▶ _Data for processing_
════════════════════

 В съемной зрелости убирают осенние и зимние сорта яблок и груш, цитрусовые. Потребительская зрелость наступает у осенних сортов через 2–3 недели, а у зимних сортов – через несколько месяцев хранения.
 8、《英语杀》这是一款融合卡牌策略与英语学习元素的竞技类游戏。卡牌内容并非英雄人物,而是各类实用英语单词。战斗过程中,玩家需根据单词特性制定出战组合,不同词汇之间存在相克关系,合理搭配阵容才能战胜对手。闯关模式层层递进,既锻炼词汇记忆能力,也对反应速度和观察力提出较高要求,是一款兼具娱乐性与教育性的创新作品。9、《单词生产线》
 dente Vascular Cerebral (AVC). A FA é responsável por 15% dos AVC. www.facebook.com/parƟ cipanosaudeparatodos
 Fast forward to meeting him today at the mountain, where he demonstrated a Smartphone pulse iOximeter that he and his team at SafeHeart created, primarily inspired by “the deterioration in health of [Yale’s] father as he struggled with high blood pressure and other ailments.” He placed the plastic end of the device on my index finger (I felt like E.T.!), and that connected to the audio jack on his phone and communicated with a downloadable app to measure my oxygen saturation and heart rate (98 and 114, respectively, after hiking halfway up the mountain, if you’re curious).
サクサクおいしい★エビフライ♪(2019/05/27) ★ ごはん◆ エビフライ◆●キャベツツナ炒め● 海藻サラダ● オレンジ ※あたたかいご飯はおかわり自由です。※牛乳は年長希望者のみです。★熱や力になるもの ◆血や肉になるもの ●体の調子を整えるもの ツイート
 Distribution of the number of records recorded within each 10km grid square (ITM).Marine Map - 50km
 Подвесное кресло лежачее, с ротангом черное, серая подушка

════════════════════

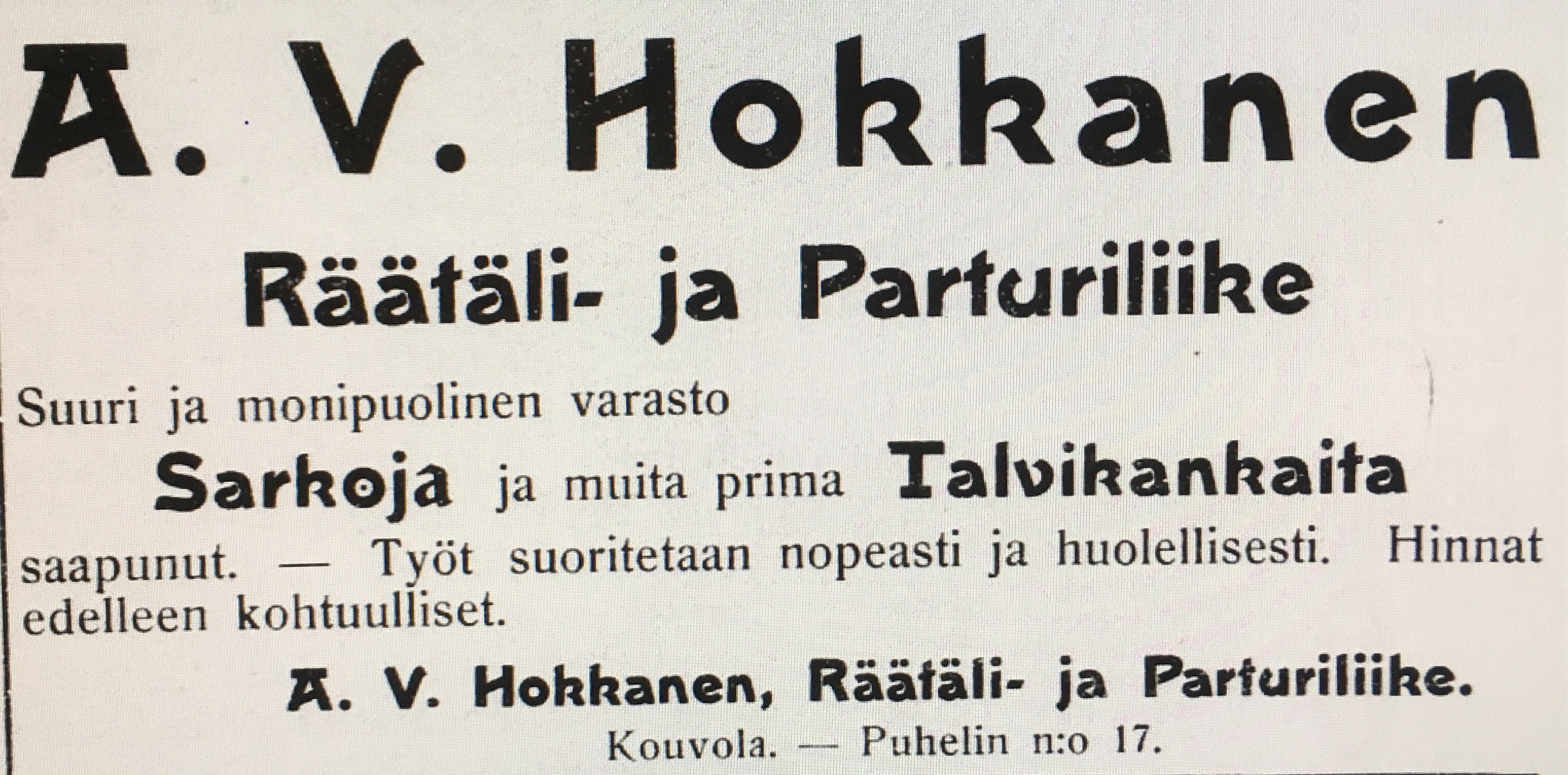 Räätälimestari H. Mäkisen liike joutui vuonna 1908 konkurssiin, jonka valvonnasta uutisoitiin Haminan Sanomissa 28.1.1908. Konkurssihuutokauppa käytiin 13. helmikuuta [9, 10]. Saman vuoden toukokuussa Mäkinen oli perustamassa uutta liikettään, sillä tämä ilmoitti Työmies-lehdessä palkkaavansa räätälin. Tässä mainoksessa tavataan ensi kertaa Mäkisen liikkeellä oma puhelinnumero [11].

════════════════════

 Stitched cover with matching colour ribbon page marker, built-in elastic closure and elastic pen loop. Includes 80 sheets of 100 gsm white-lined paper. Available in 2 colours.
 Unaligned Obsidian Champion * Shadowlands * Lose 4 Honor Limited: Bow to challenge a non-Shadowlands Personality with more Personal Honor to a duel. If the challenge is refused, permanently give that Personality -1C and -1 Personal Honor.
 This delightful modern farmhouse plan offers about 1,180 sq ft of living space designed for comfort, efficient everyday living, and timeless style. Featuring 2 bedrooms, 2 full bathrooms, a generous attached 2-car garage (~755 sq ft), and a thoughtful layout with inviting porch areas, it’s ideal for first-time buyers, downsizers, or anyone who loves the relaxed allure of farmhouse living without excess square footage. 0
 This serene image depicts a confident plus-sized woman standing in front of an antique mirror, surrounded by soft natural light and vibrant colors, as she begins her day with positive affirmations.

════════════════════

▶ _What you will do_
Only one part of the material above is to be transcribed, namely the lines starting with the line that has "Unaligned Obsidian Champion" and going on through the line that has "This serene image", exactly as they stand.

▶ _Answer area_
 Unaligned Obsidian Champion * Shadowlands * Lose 4 Honor Limited: Bow to challenge a non-Shadowlands Personality with more Personal Honor to a duel. If the challenge is refused, permanently give that Personality -1C and -1 Personal Honor.
 This delightful modern farmhouse plan offers about 1,180 sq ft of living space designed for comfort, efficient everyday living, and timeless style. Featuring 2 bedrooms, 2 full bathrooms, a generous attached 2-car garage (~755 sq ft), and a thoughtful layout with inviting porch areas, it’s ideal for first-time buyers, downsizers, or anyone who loves the relaxed allure of farmhouse living without excess square footage. 0
 This serene image depicts a confident plus-sized woman standing in front of an antique mirror, surrounded by soft natural light and vibrant colors, as she begins her day with positive affirmations.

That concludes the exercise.